Modifying an Order for Sole Custody
Where a court has previously entered or approved a plan providing for sole custody, the disadvantaged spouse is often able to file a motion with the court and ask the court to modify this order. This is true even if the parties previously agreed to a parenting plan that mimicked a sole custody arrangement. This is because courts will most often return to the basic proposition that a child needs both parents to be active in its life in order to mature and develop properly.
If the other parent is seeking to modify a court’s prior orders that gave you sole or near-sole custody and you wish to resist such a motion, you face an uphill battle. Even with legal assistance from an experienced family lawyer, the chances of your efforts succeeding are not great. Some things you may wish to try include:
- If the child is seeing a therapist because of past actions of the other parent, speak with the therapist regarding his or her opinion of contact with the child. If the therapist believes such contact would be harmful to the child, ask the therapist to prepare a report stating as much and/or appear and testify at the hearing on the motion;
- Focus your efforts on discovering evidence of behavior that is detrimental to a child. In custody disputes one or both parents have a tendency to try to paint the other parent as a “bad” parent. These efforts are rarely successful unless the evidence is such that it would be harmful to a child to be around such behavior. Drugs, drunk driving, child abuse, sexual misconduct, and violent criminal activity are types of crimes and bad behavior that may give a court pause before deciding whether to allow contact between the other parent and the child. You must support these allegations with evidence or testimony in order for them to have much effect on the court: simply stating you heard a rumor that the other parent was arrested for domestic battery, for instance, will likely carry little weight with the court.

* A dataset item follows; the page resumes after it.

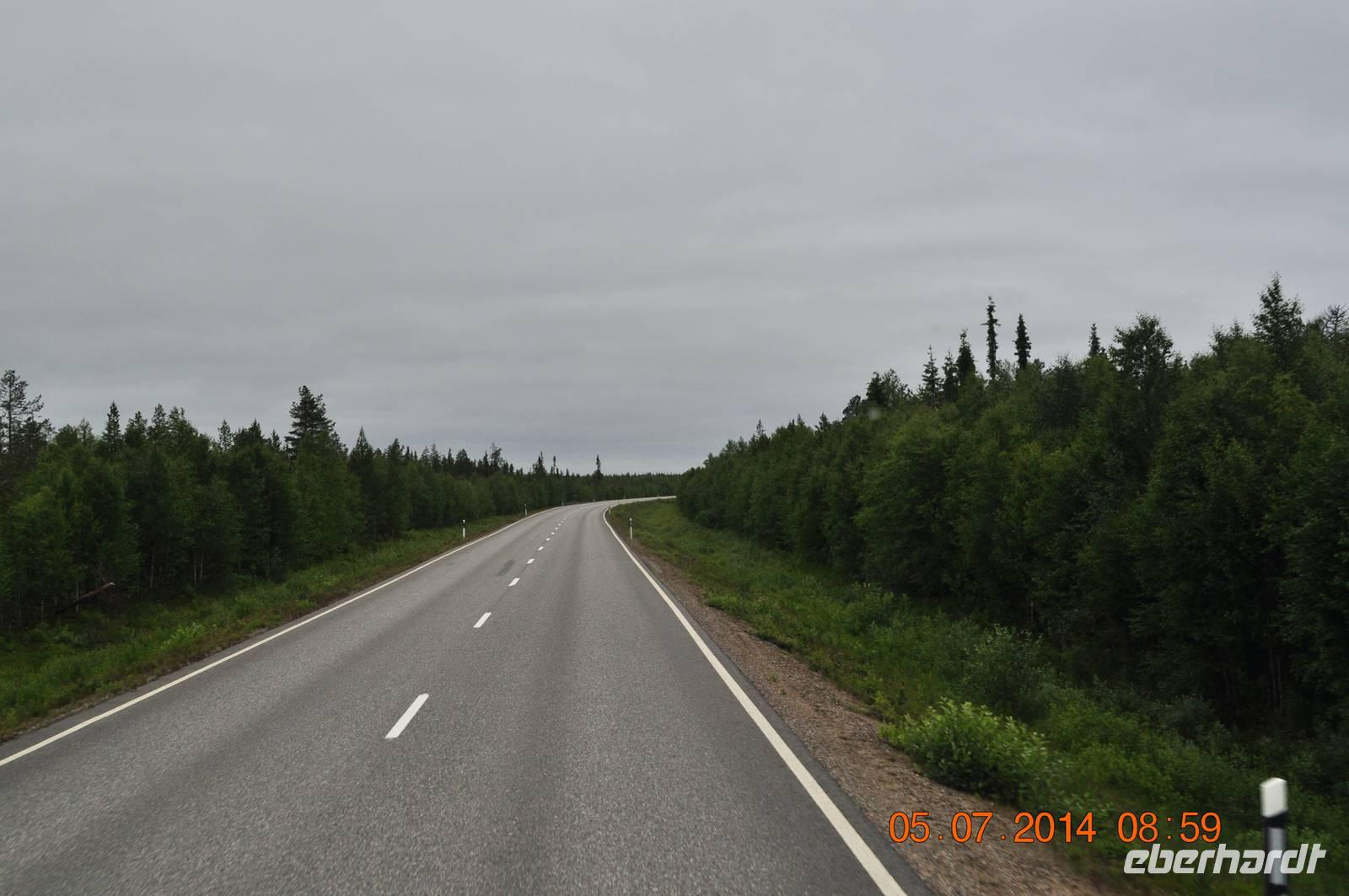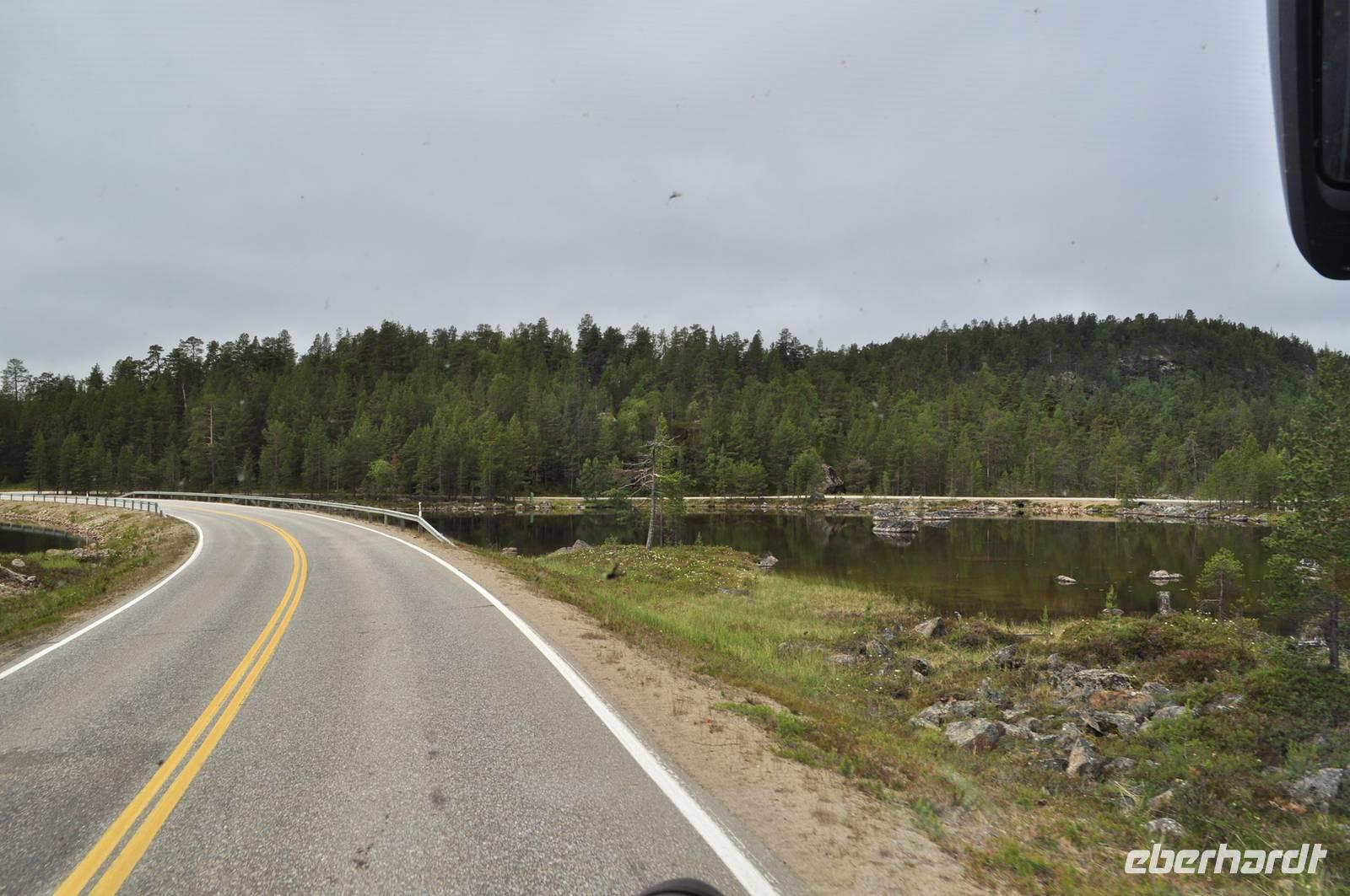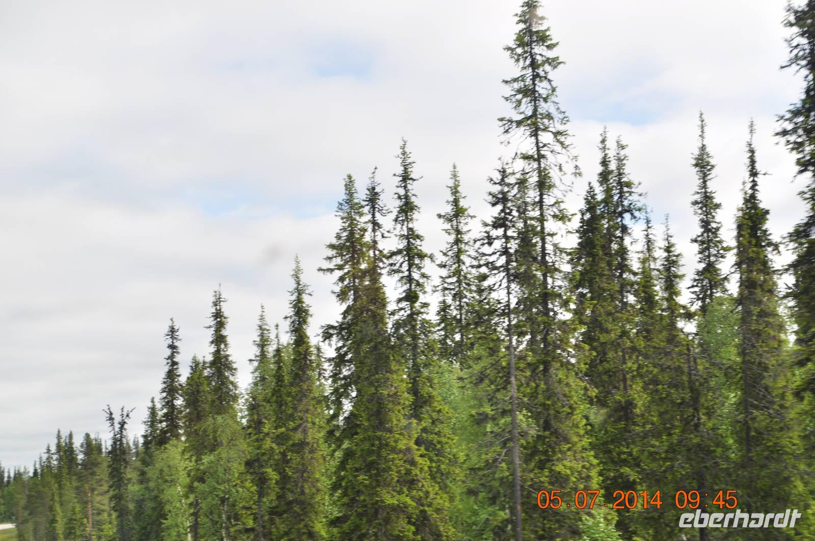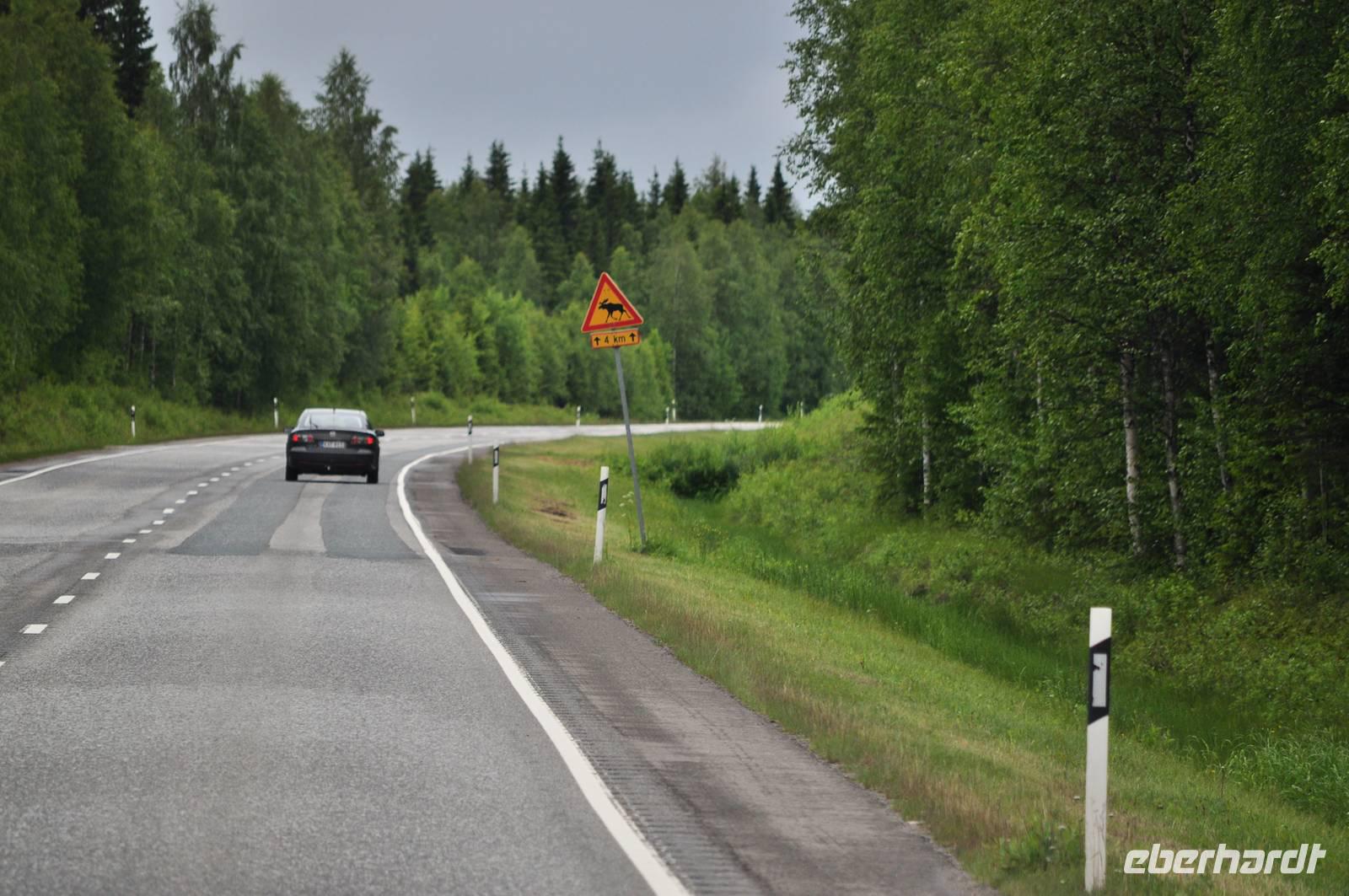 Ein wichtiger Termin am späten Nachmittag führt uns nun auch auf die Europastraße. Die Fahrt führt durch eine wunderschöne sich immer wieder abwechselnde Landschaft mit vielen Seen, Kanälen, Wäldern, Flüssen, Fichten, Kiefern und Birken. War da nicht ein Elch?.....

- Be prepared to address alternative arrangements if the court suggests these. Remember a court can order visitation without overnight visits and/or supervised visitation in lieu of completely cutting off the other parent from the child. Be prepared to discuss these alternative measures with the court and your reasons for either agreeing with them or opposing them.

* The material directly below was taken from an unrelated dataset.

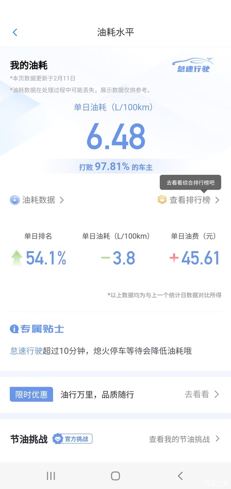 买这辆车之前,我在网上看了很多资料,多数都说这车这不行那不行,包括油耗。买了以后,开到现在,我最低开过百公里4.2个油,一般油耗都能控制在7个以下,我的秘诀就是匀速,不暴力驾驶,包括纯市区,30公里以下的低速,只要匀速驾驶,一样不会超过8个油。

Custody can refer to either physical custody (whom a child lives with) or legal custody (who can make decisions on the child’s behalf). Courts in Florida generally assume that a child needs the influence and presence of both of his or her parents in order to fully grow and mature. While it is possible to obtain sole custody over a child, it is difficult to do. A court must usually find that there is something about the other parent that makes contact with that parent and/or allowing that parent to participate in making decisions for the child detrimental to the child’s health and wellbeing. While parents may be able to negotiate a parenting plan that allows one parent to have something akin to sole custody, these agreements can usually be later modified by either parent.